In the real world outside of calculus textbooks, as used universally in physics, the letters representing cylindrical and spherical coordinates and their ordering is different. WIkiipedia has nice diagrams showing these conventions.
Wiki: cylindrical coords, spherical coords.
Calculus textbooks start from polar coordinates (r,θ) and just add z to get cylindrical coordinates (r,θ,z) and then introduce two new letters for the spherical coordinate radial variable ρ and angle φ down from the vertical (to make matters worse, "phi" has two forms, called "phi" and "varphi"in Maple; in HTML code varphi is used). The authors are afraid students will be confused if confronted with completely new names.

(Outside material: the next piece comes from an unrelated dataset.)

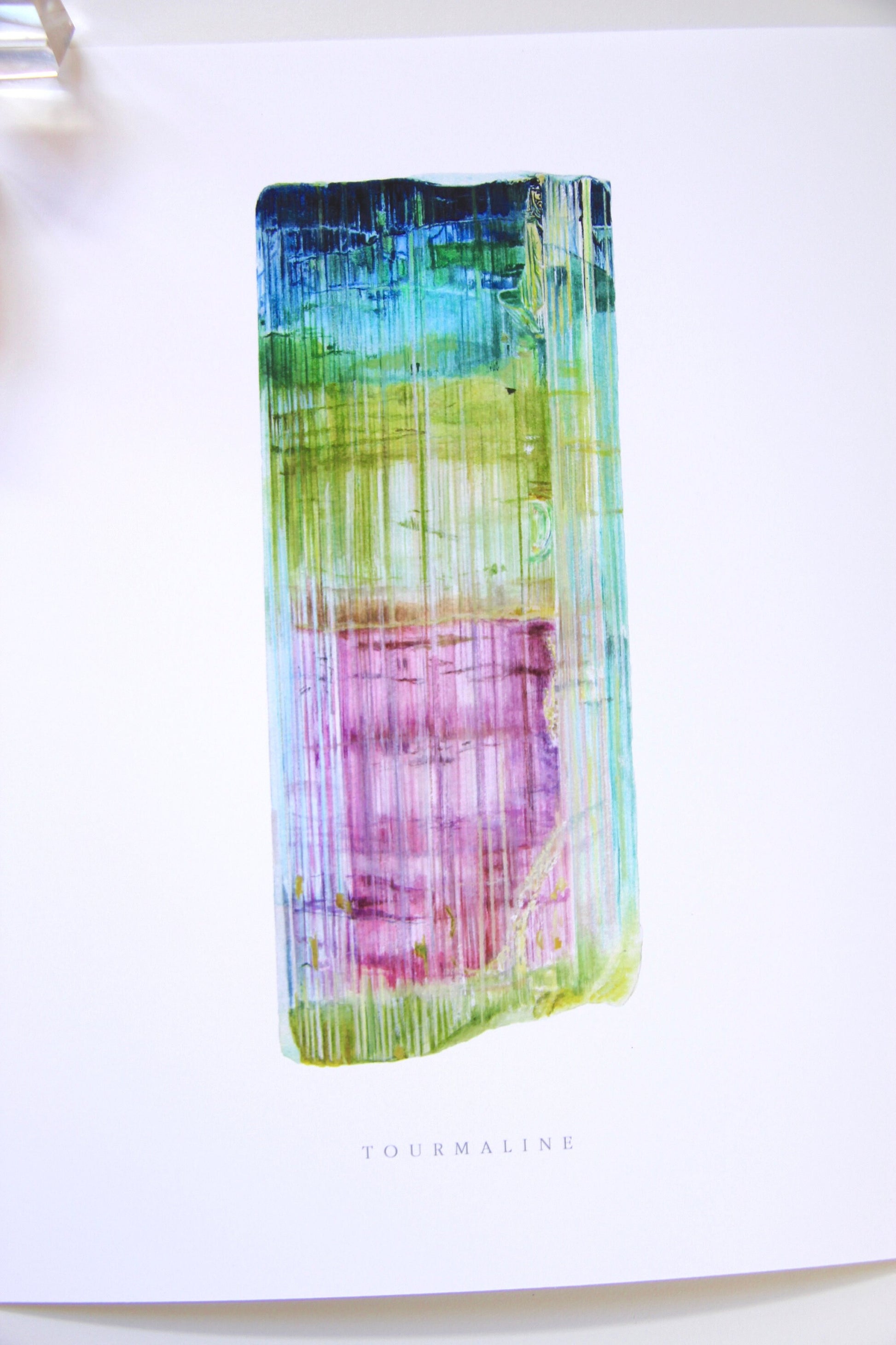This is an archival, 8"x10" giclee print of my original watercolor painting of a natural Blue-Capped Tourmaline specimen from the Sapo Mine in Minas Gerais, Brazil. Originally painted with traditional watercolor materials and techniques, this print excellently reproduces the watercolor magic with its rich tones and quality. It is printed on an archival, acid-free natural paper made of plant cellulose and cotton using premium quality pigment inks.

So the calculus cylindrical variables (r,θ,z) become
respectively (ρ,φ,z)
while the calculus spherical variables (ρ,φ,θ) become respectively
(r,θ,φ) in this order, to make the three orthogonal
coordinate directions "right-handed" like the Cartesian coordinates (x,y,z),
namely their unit vector directions satisfy the same cyclical cross-product algebra as the three unit vectors
(i,j,k).
Stewart Calculus 15.8 also states spherical coordinates in the "wrong" order (ρ,θ,φ) in its description while failing to identify what they mean in some exercises. Always IDENTIFY your expessions with the symbols which represent them to the left in an equation: "symbol" = "expression".
Below should read (ρ,θ,φ) = (6,Pi/3,Pi/6).
Stewart Calculus 8e. 15.8.
Ans.
Clearly the 30 degree angle is the angle down from the vertical (phi) and the 60
degree angle is the angle around the z axis (theta).